The answer must be only the lines below from the one holding "This vintage Dance" down to the one holding "NAWAN CHAK | |||", ends included, printed exactly; please omit all pictures.

#### Stored items from a collection:

◇ ◇ ◇ ◇ ◇ ◇ ◇

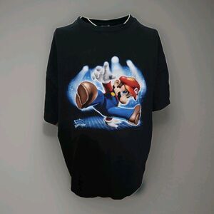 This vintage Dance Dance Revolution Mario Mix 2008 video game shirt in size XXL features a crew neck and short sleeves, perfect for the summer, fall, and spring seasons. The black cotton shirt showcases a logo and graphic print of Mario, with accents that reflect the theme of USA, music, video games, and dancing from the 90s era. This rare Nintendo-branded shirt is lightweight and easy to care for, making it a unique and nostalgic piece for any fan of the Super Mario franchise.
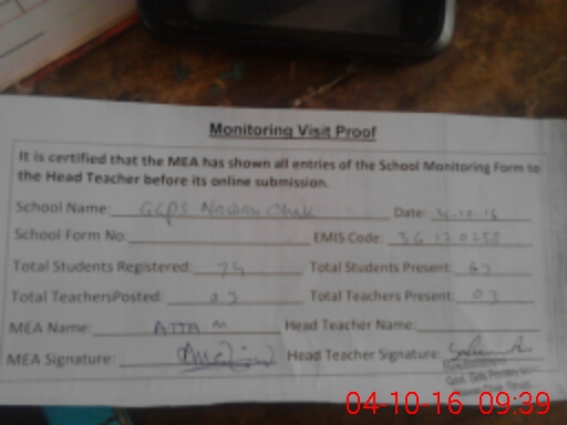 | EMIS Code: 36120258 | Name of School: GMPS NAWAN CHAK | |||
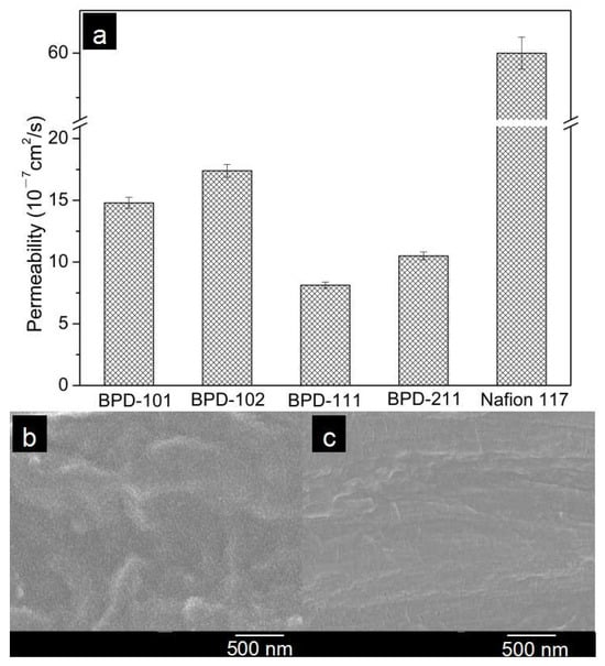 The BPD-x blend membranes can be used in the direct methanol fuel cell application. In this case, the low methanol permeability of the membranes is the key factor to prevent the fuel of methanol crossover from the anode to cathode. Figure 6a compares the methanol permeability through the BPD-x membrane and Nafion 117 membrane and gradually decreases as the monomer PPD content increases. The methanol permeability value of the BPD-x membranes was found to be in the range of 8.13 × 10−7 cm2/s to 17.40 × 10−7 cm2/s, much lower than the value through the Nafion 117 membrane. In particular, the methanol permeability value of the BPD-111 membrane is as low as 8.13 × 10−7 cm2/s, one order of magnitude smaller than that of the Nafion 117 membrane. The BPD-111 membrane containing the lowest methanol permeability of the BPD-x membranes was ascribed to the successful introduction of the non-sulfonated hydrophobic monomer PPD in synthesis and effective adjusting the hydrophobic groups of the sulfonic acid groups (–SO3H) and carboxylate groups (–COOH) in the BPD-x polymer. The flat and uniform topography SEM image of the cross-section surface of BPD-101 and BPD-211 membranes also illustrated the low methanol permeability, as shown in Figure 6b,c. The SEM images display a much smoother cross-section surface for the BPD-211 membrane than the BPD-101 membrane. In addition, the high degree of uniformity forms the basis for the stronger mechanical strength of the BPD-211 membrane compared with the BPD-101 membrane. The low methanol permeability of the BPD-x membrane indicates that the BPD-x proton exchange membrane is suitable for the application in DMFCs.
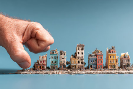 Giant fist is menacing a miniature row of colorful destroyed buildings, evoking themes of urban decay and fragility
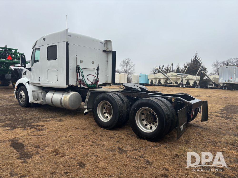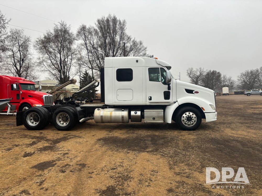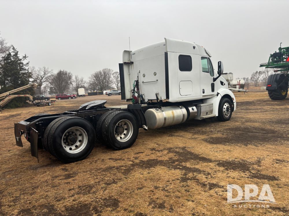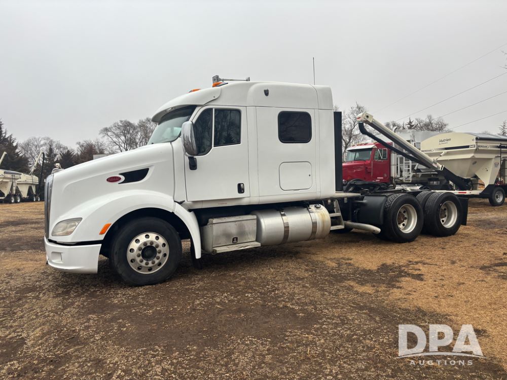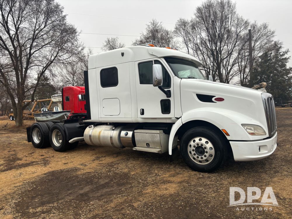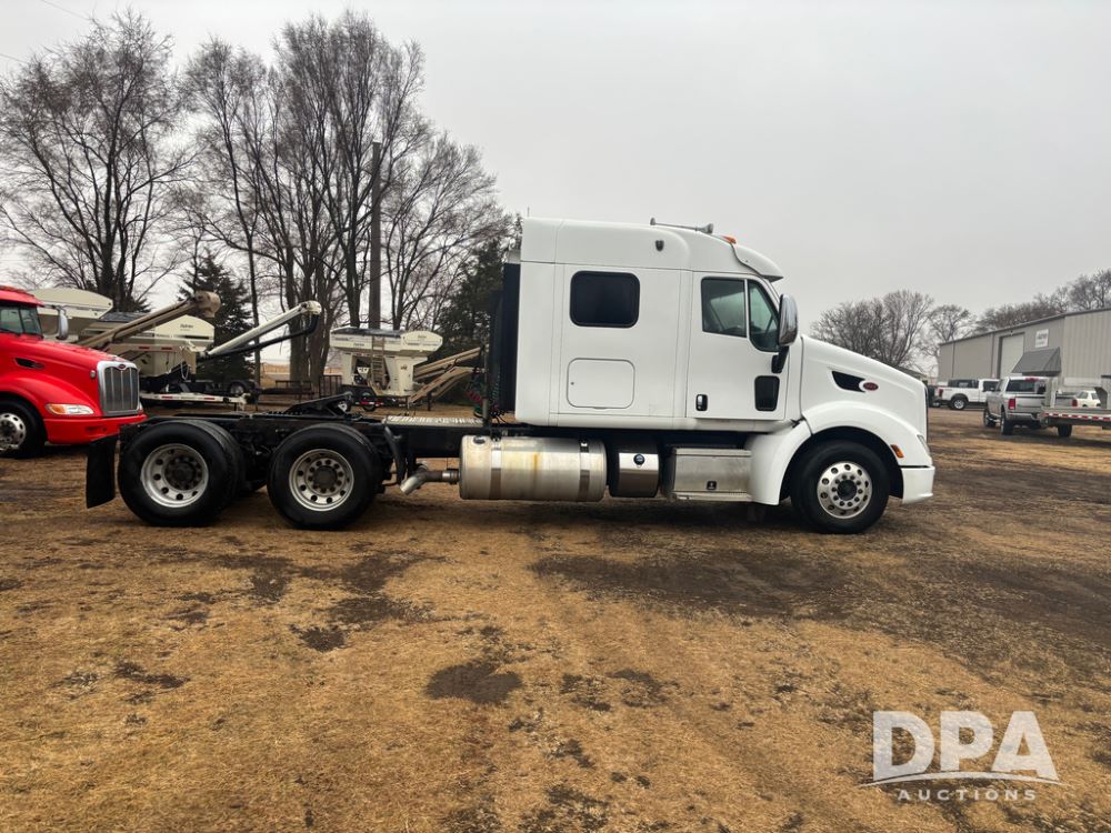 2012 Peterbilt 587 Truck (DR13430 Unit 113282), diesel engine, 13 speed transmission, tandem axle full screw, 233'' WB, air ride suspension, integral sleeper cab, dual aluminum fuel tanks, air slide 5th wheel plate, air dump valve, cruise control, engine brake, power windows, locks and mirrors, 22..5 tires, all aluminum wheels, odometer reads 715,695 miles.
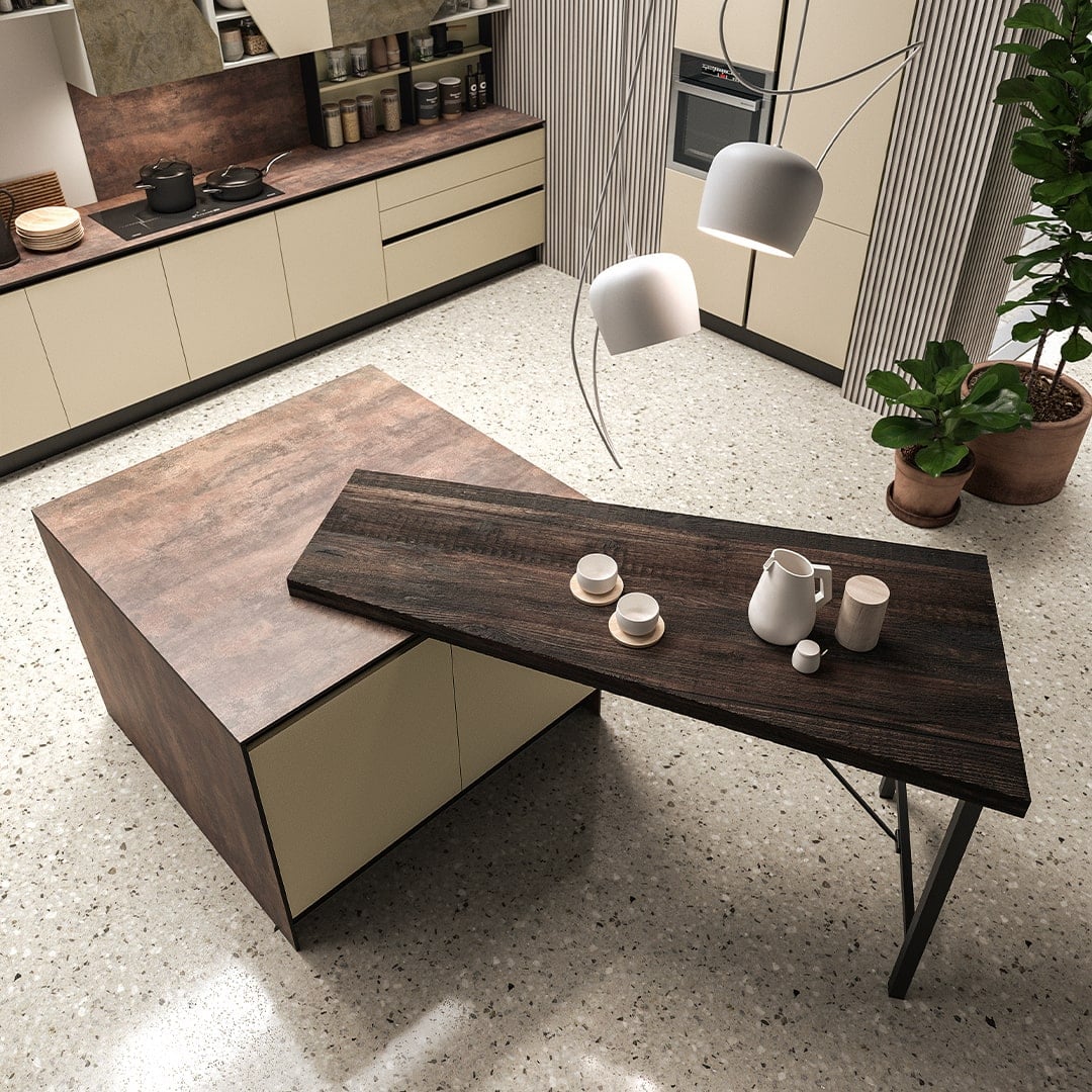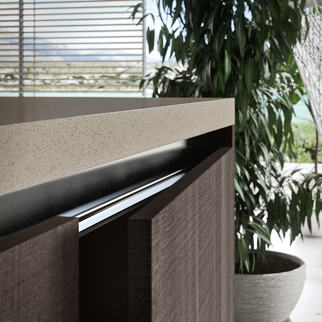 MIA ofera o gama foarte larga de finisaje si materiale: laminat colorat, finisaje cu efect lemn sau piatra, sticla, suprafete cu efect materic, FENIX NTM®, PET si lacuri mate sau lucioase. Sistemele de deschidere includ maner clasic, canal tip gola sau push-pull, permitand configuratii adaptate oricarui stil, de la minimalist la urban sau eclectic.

◇ ◇ ◇ ◇ ◇ ◇ ◇

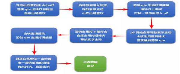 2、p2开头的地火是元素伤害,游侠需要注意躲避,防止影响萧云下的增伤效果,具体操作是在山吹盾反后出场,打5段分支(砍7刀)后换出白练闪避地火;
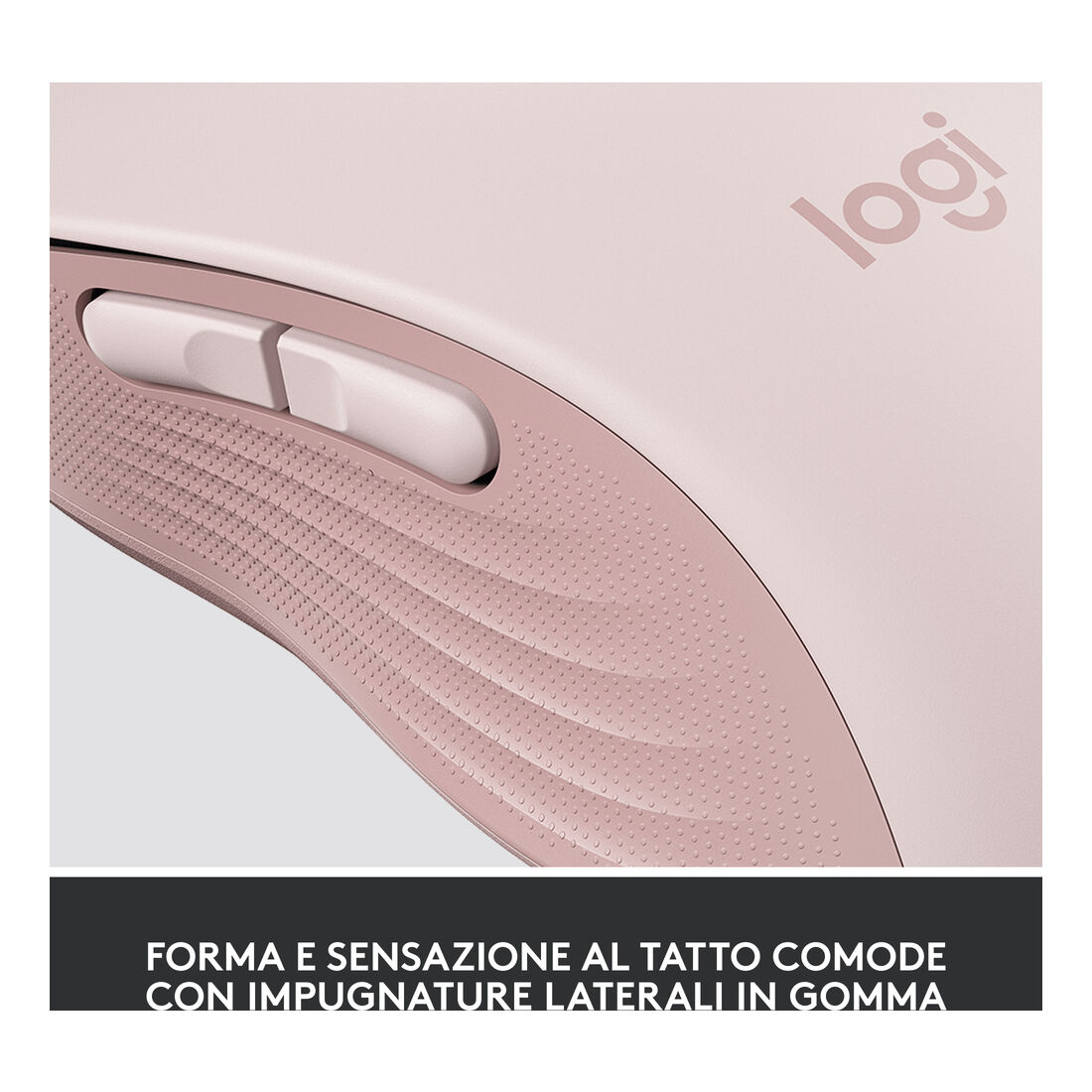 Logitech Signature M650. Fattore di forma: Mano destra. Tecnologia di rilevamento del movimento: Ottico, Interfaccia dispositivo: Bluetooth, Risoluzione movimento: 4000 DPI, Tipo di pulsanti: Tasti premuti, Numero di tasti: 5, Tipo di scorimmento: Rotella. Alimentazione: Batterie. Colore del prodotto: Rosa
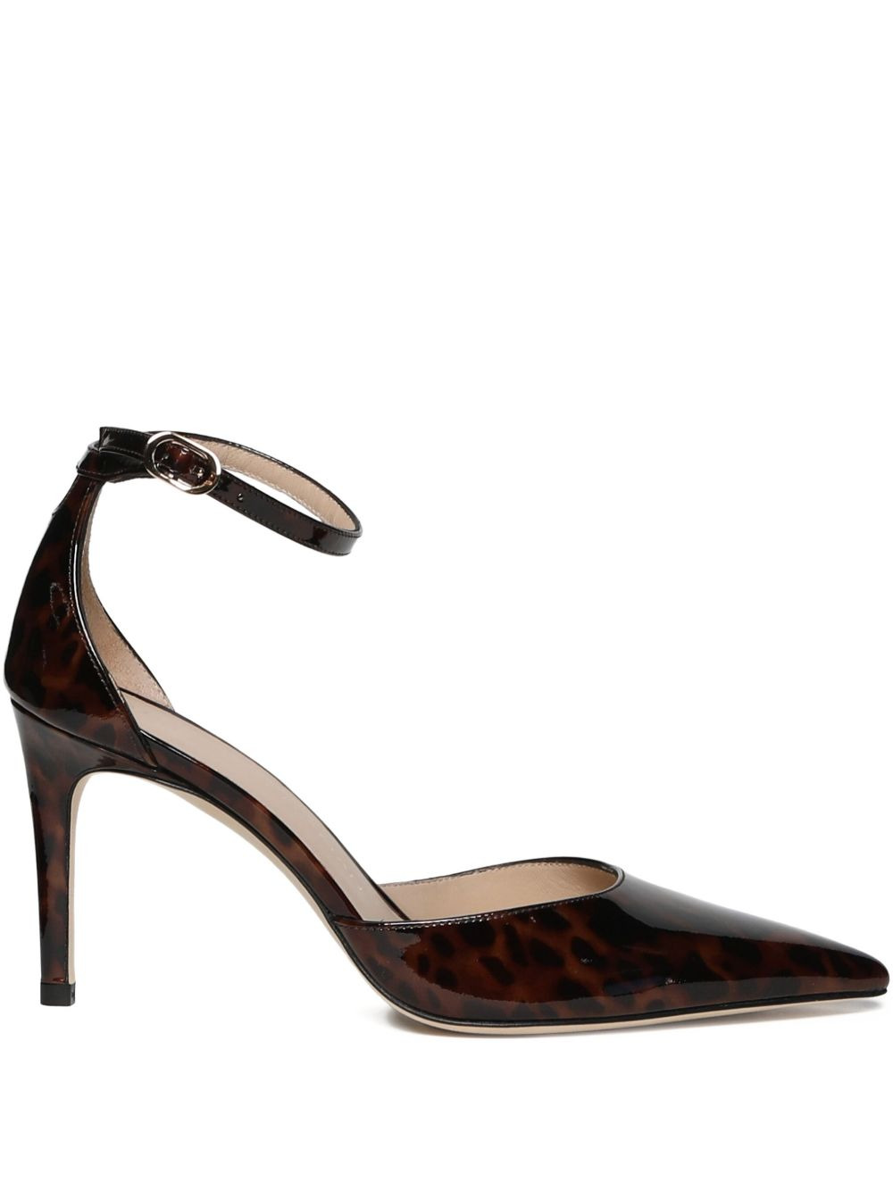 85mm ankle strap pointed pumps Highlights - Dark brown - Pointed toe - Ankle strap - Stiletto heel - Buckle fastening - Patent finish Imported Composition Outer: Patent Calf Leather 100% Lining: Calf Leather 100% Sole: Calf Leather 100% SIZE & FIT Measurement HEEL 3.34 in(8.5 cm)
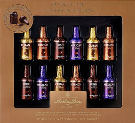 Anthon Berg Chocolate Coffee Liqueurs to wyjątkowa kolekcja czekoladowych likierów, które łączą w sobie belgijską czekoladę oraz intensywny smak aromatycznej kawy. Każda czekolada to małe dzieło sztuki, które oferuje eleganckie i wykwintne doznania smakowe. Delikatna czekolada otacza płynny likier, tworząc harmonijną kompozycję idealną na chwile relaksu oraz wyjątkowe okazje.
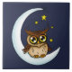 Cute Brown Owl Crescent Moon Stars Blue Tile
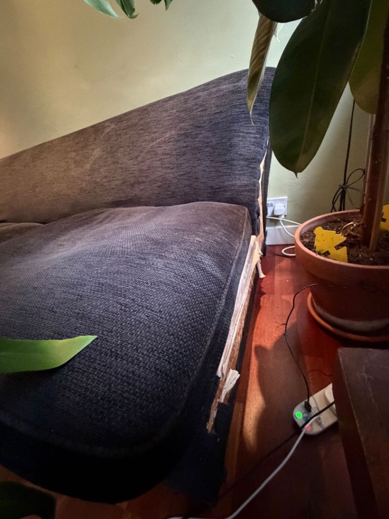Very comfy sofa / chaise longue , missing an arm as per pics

◇ ◇ ◇ ◇ ◇ ◇ ◇

#### Response area:
 This vintage Dance Dance Revolution Mario Mix 2008 video game shirt in size XXL features a crew neck and short sleeves, perfect for the summer, fall, and spring seasons. The black cotton shirt showcases a logo and graphic print of Mario, with accents that reflect the theme of USA, music, video games, and dancing from the 90s era. This rare Nintendo-branded shirt is lightweight and easy to care for, making it a unique and nostalgic piece for any fan of the Super Mario franchise.
 | EMIS Code: 36120258 | Name of School: GMPS NAWAN CHAK | |||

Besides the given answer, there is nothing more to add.